Astronaut Michael Collins, who died last week aged 90, had no patience with the soubriquet “the loneliest man in history”. What nonsense, he would say – just “phony philosophy”. The phrase was bestowed on him after the Apollo 11 space mission in 1969: while Neil Armstrong and Buzz Aldrin walked on the moon, Collins stayed in the spacecraft on his own, making 30 lunar orbits. During each 48-minute orbit, his radio would cut out – so he would sit, disconnected, staring at the dark side of the moon. Still, he was “not one iota lonely”, he insisted. He drank coffee and listened to Jonathan King’s song Everyone’s Gone to the Moon.

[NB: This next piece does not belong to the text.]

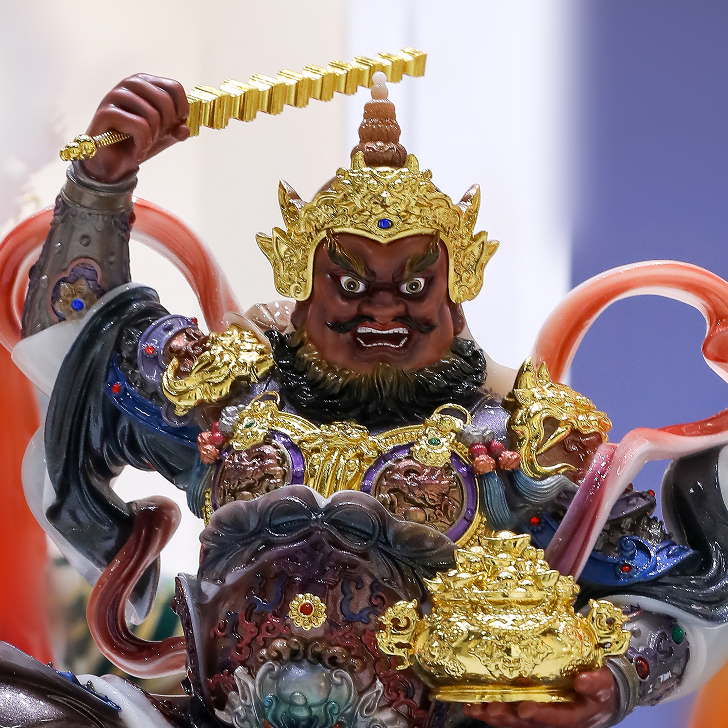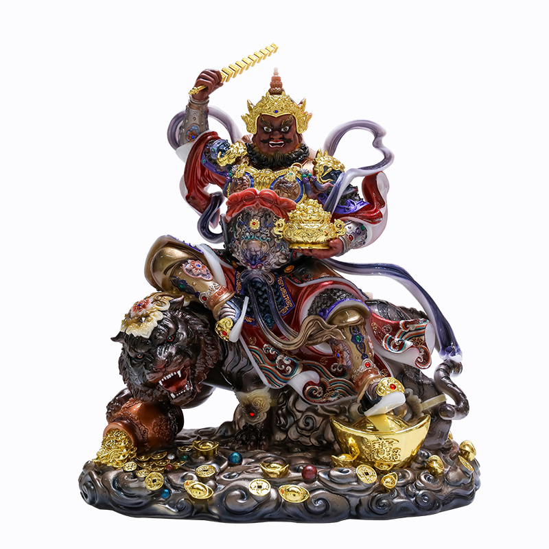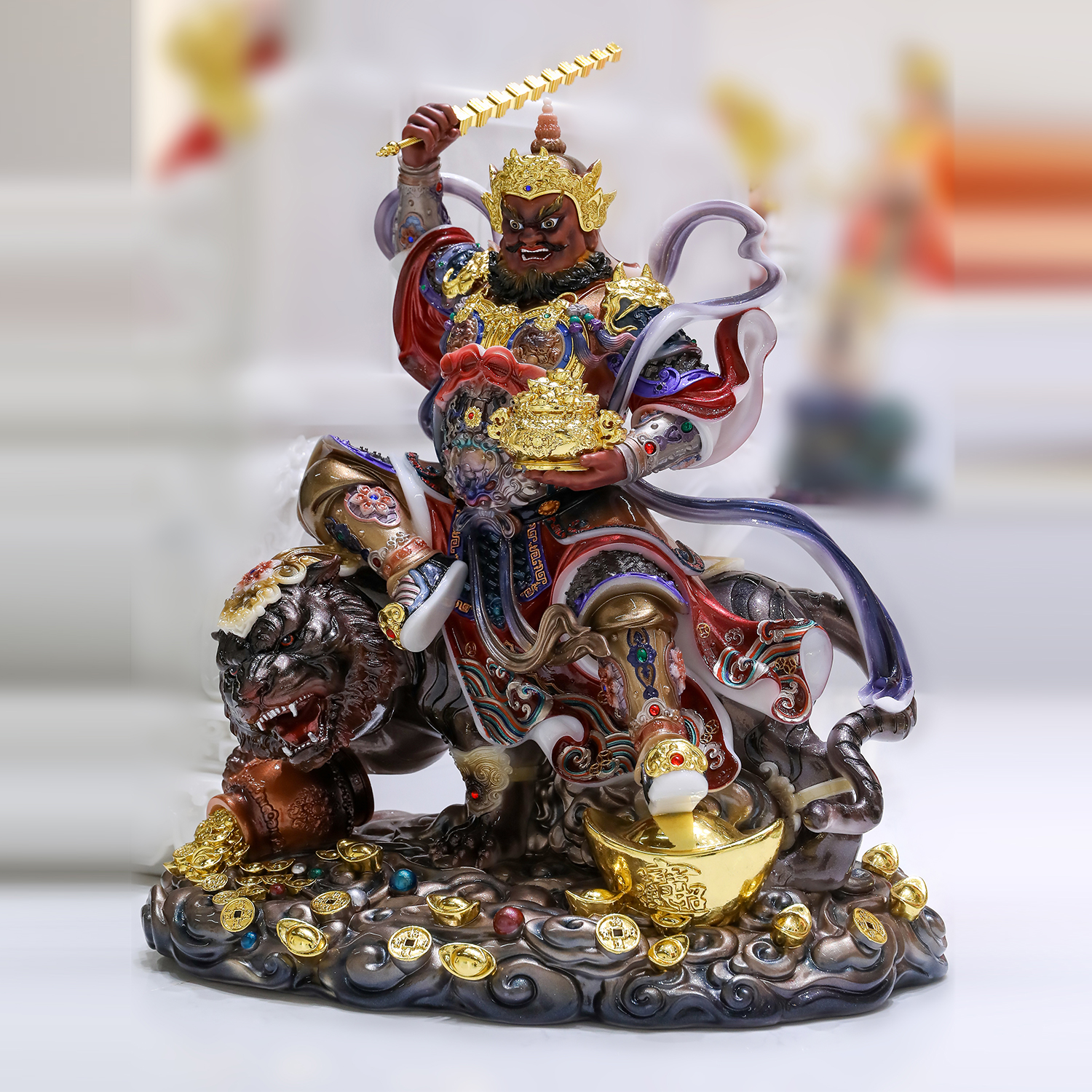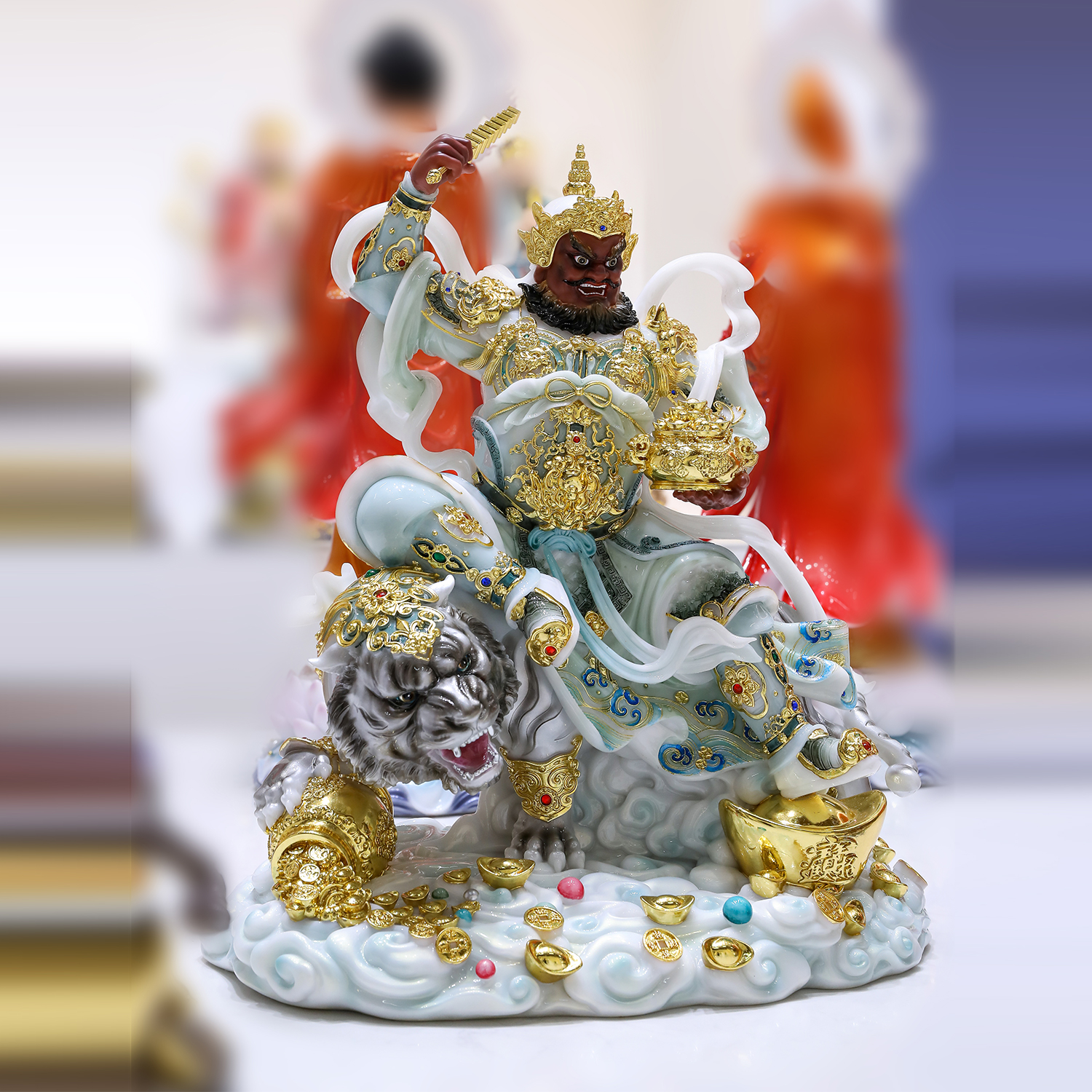 新款汉白玉赵公明财神骑虎武财神赵公明元帅家用店铺办公供奉摆件

In his memoirs Collins reflected that viewing the world from afar might make politicians worry less about national borders: “I really believe that if the political leaders of the world could see their planet from a distance of 100,000 miles their outlook could be fundamentally changed.” More practically, he commented on the spacecraft’s urine receptacles. “There are three sizes of receivers (small, medium, large), which are always referred to in more heroic terms: extra large, immense, and unbelievable.”
He never craved glory, said Aldrin in The Wall Street Journal. And when offered the chance to walk on the moon himself with Apollo 17, turned it down to be with his family. “I have seen the ultimate black of infinity in a stillness undisturbed by any living thing,” he said. It’s “a “precious thing that I will always carry with me”.